While it’s fairly “trivial” to install a stacked kubernetes cluster with kubeadm on any cloud provider or managed bare metal (where you have a certain degree of management over the networking which permits you to use bgp for example), it’s not so trivial when your nodes are situated in different network segments (clouds) and/or behind NAT.
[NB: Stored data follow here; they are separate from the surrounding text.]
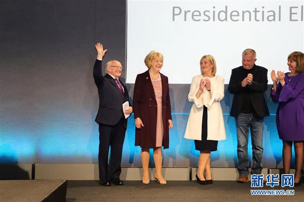 10月27日,在愛爾蘭首都都柏林,希金斯(左一)在總統選舉獲勝后向支持者致意。愛爾蘭總統選舉機構負責人27日晚宣布,愛爾蘭現任總統希金斯在26日舉行的選舉中獲勝,再次當選總統。新華社發
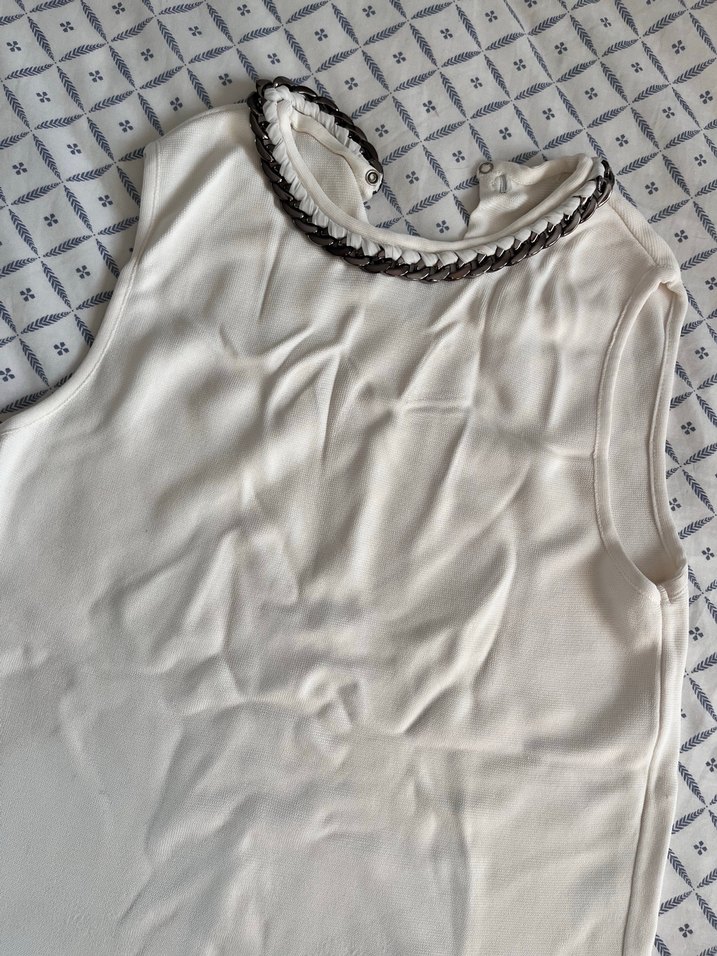 Kolsuz, yakalı ve zincir detaylı beyaz bluz. Yumuşak sentetik kumaştan, bol kesim ve normal boyda, günlük sokak tarzı için uygun.
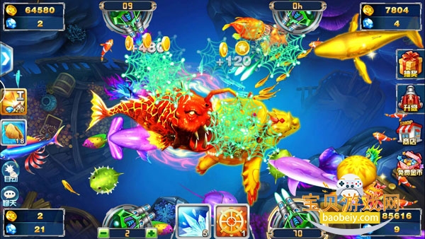 2、超多街机经典,多种酷炫电磁炮,吹响捕鱼集结号!
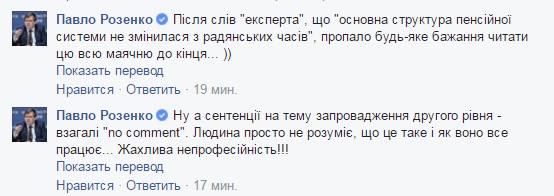 В той же час, ЕП повідомляє, що коментуючи публікацію в Facebook, Павло Розенко піддав сумніву професійні якості ван Родена, вказавши, що той не розуміє, як працює пенсійна система України.
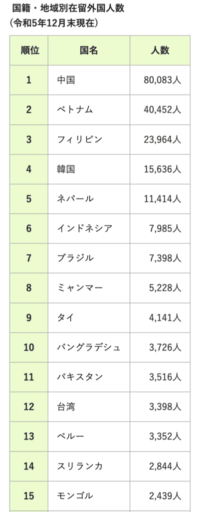 埼玉県に在留する外国人の多くはアジア諸国出身であり、その中でも中国(80,083人)、ベトナム(40,452人)、フィリピン(23,964人)からの移住者が特に多くを占めています。特にベトナム出身者の増加が目立ち、技能実習生や留学生を中心に数が急増しています。また、南米からの移住者も一定数存在し、ブラジルやペルーからのコミュニティも根強いです。
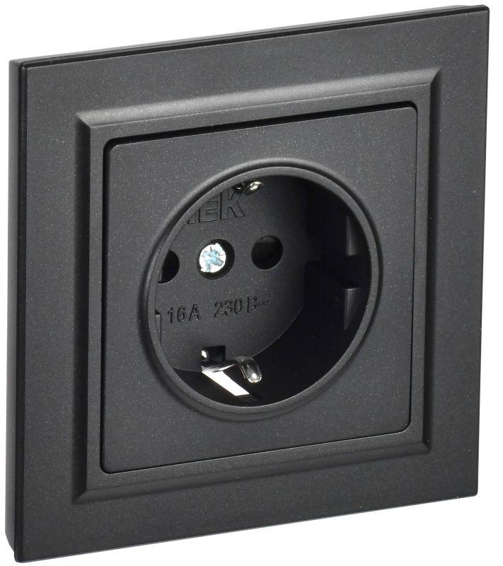 Розетка СП BRITE РСР14-1-0-БрЧ 16А в сборе с заземл. защ. шторки черн. IEK BR-R14-16-K02-F
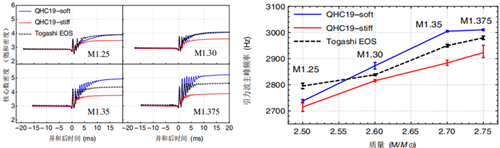 图2 (左图)双中子星并合后的核心密度演化;(右图)不同总质量系统中,双中子星并合过程的引力波主峰频率。黑色虚线表示纯强子状态方程,红、蓝线表示同一强子部分的两种夸克-强子渡越状态方程。
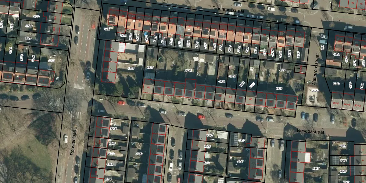 Het perceel waarop Resedastraat 74 staat heeft een oppervlakte van 994 m². Dit is een groot perceel. De perceeloppervlakte wordt geregistreerd door het Kadaster. Gedetailleerde informatie over de maten van dit perceel kunt u vinden in het rapport Kadastrale kaart met maatvoering van Resedastraat 74.
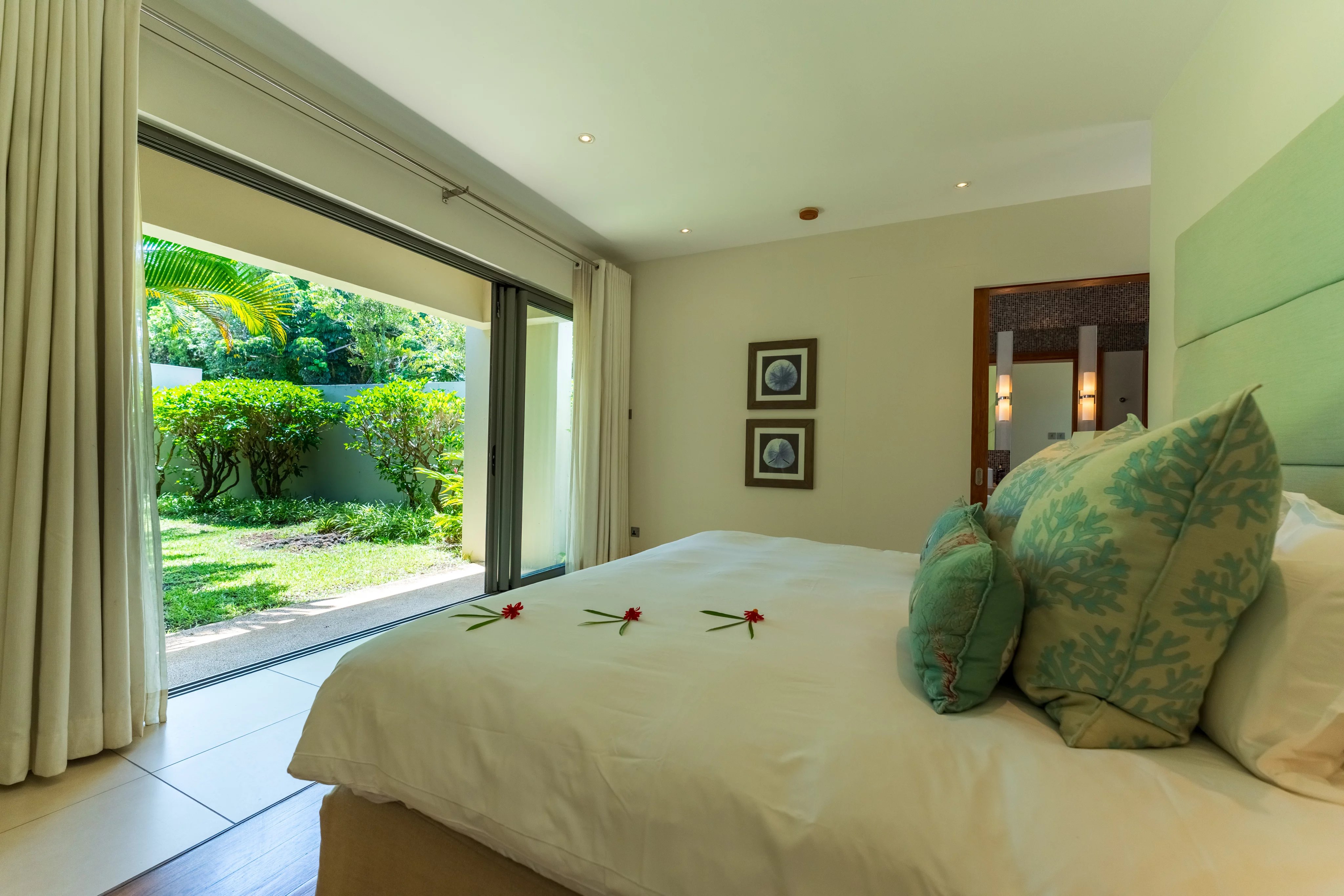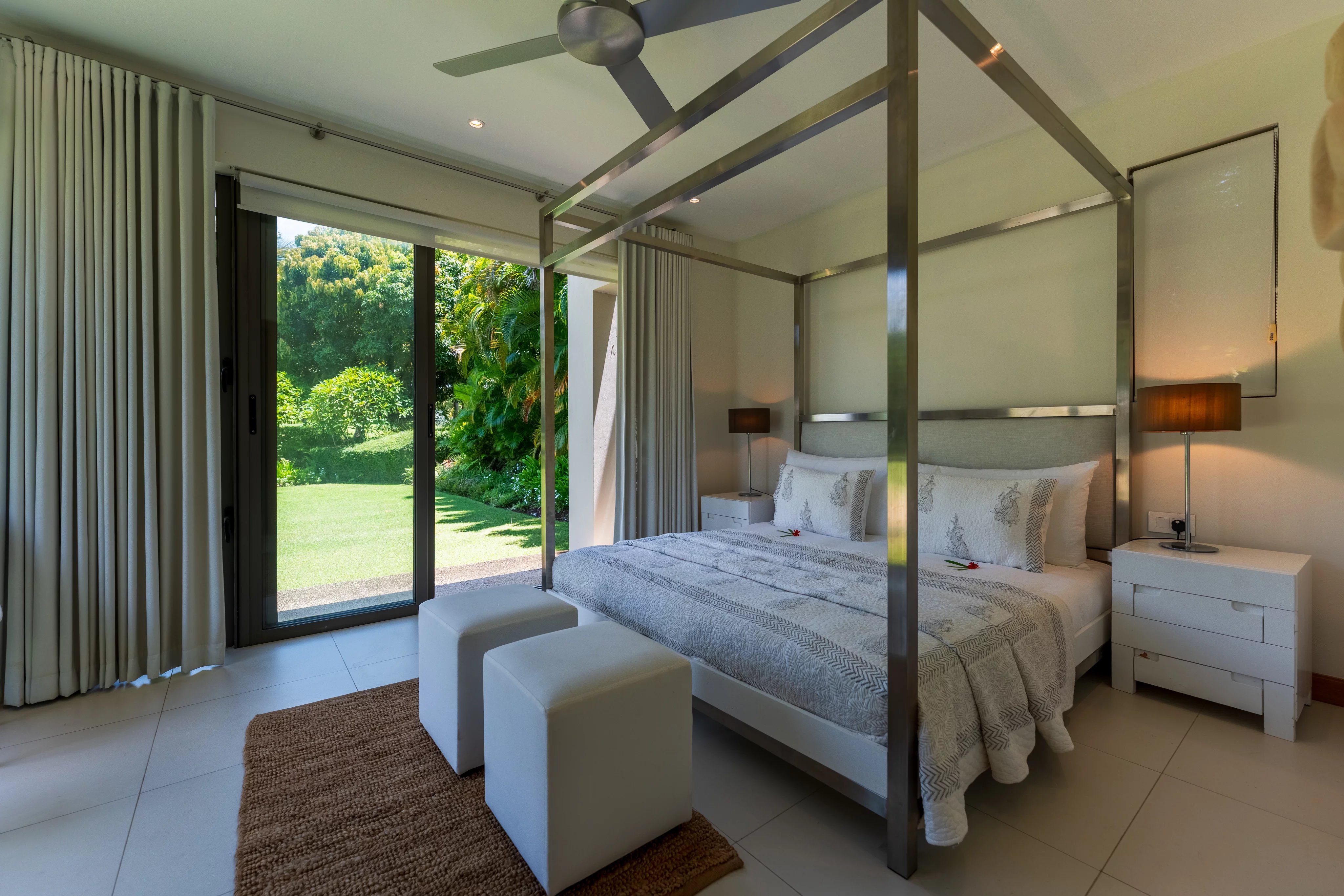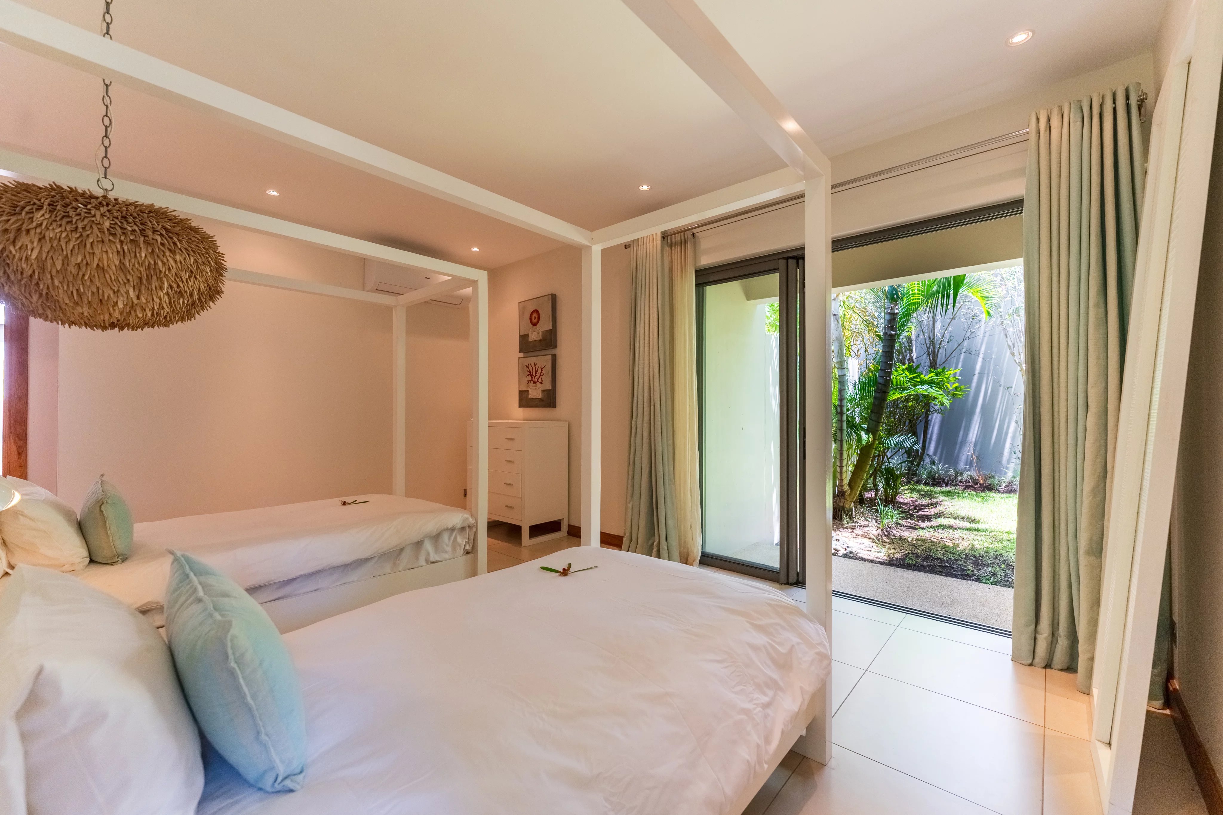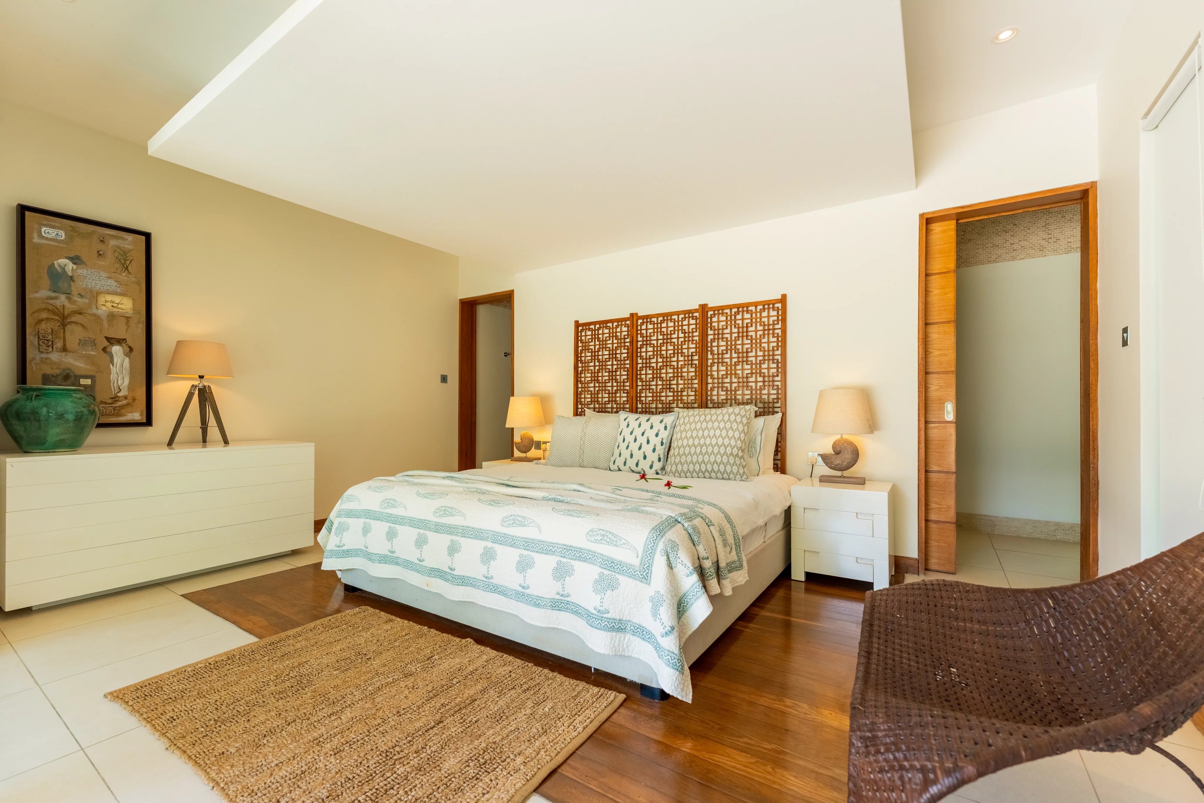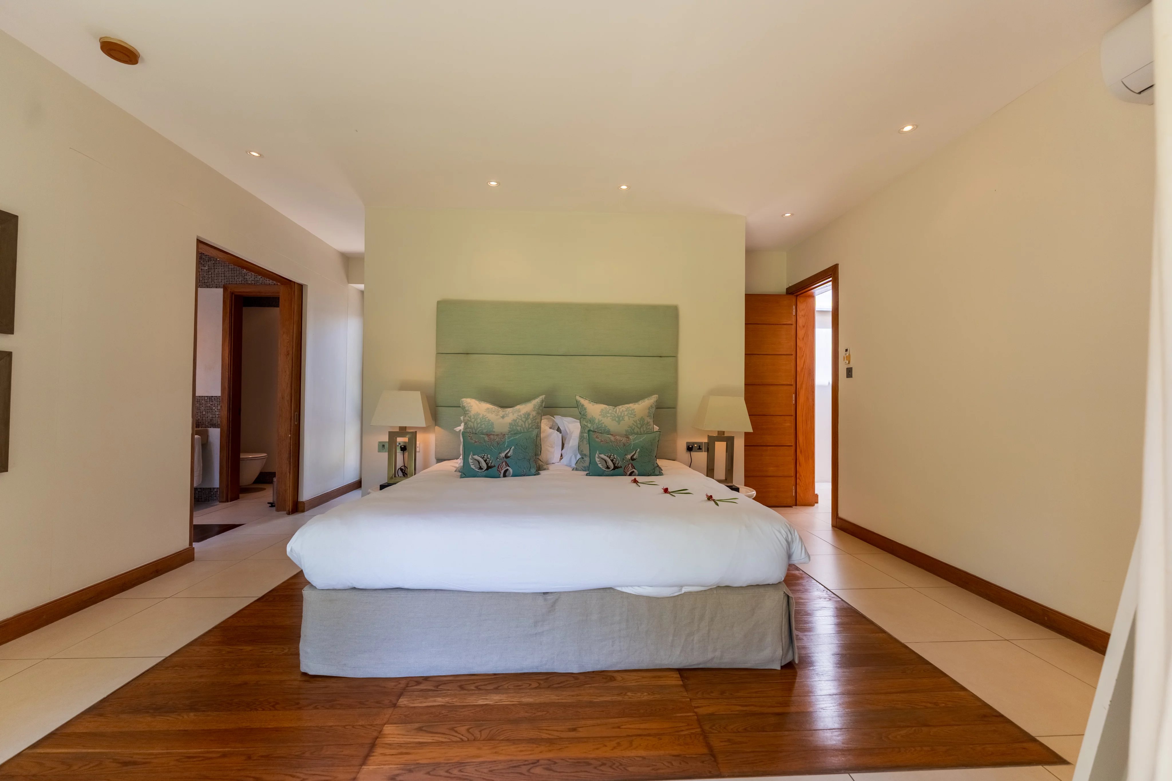 Elle dispose de trois chambres en suite dans la villa principale, chacune avec une salle de bains moderne et un accès direct au jardin. Deux autres chambres indépendantes en annexe, également en suite, offrent intimité et vue sur le jardin. Avec un total de cinq chambres, ce bien est particulièrement rare à Anahita.
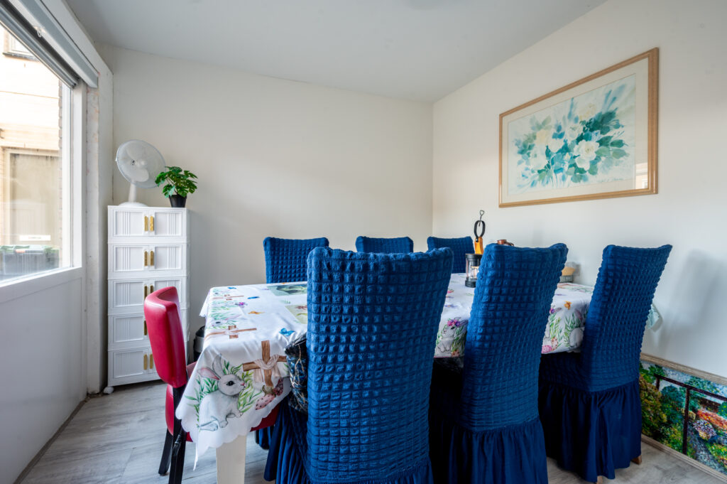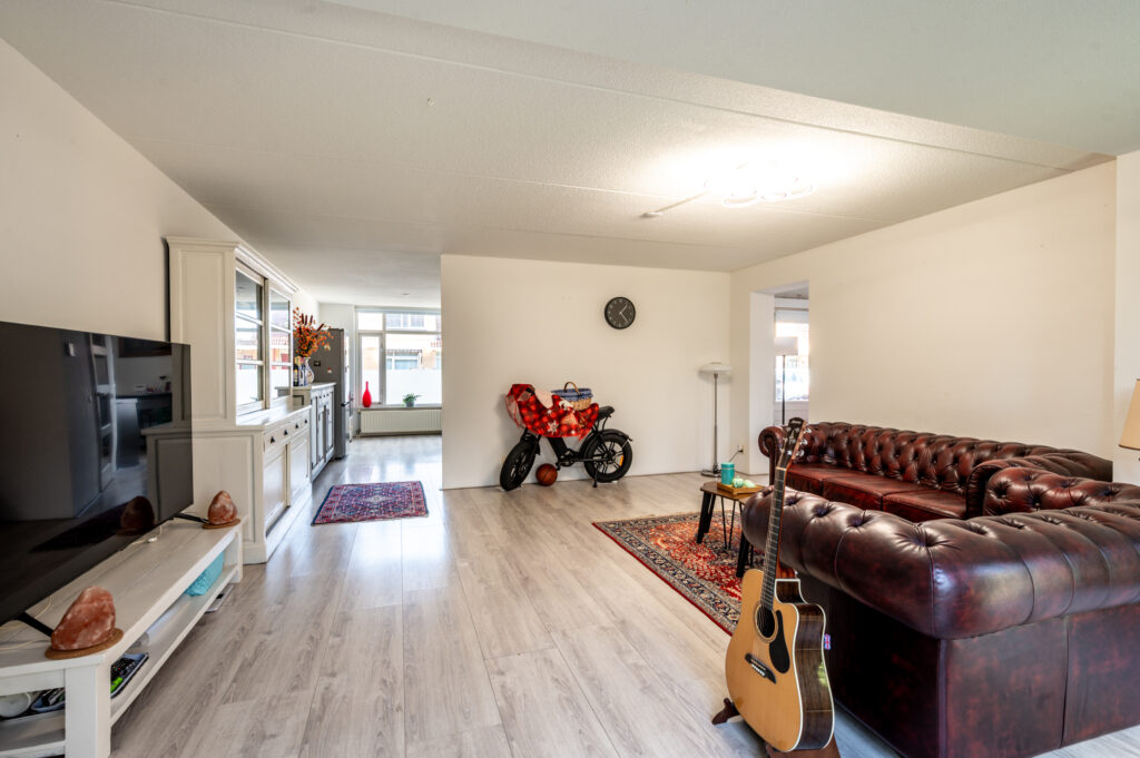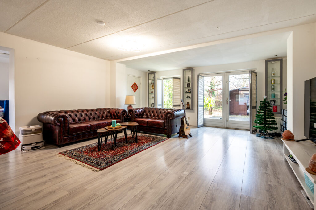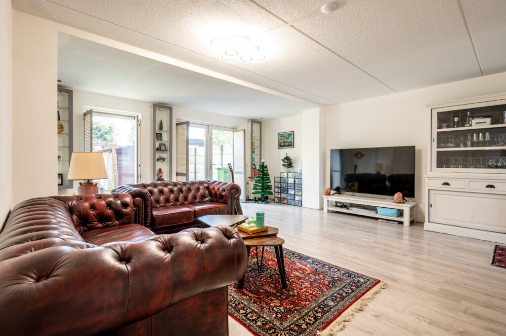 Binnenin de woning komt de lichte en open indeling goed tot zijn recht. De woonkamer is met circa 21 m² een prettige ruimte om tot rust te komen. De openslaande deuren geven toegang tot de achtertuin, waar u in alle privacy kunt genieten . De eetkamer van circa 9 m², gescheiden van de woonkamer, biedt volop ruimte voor gezellige diners of een informele werkplek.
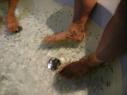 Once we walked underneath the tunnel we saw the “exhibit” Happy Feet, Happy Fish, this was included in our Super package ticket and I laughed when I saw that we wouldn’t have to go outside of the mall at all to go to the fish spa. We decided that Earl’s feet were a special foreign delicacy since there were a huge number that decided to attach themselves to his feet and ankles.

With this guide I will try to alleviate a pain related to this kind of setup.

Premise

In this scenario, we have 3 control plane nodes which are situated in different cloud providers and following applies:

  • every node is NOT aware of its public ip (it has a private ip address and 1:1 nat with an unknown external ip)
  • Their private ips are NOT routable between them, and potentially overlap (i.e. multiple cloud uses 10.0.0.0/24 range).
  • we have access to a load balancer (I used ha-proxy), which will be used for control plane port. In case you don’t have any, you can use round robin DNS but it’s not advised.
  • I am assuming we are using Ubuntu as underlying OS. In case you are using Centos or similar, you will have to adapt some sections.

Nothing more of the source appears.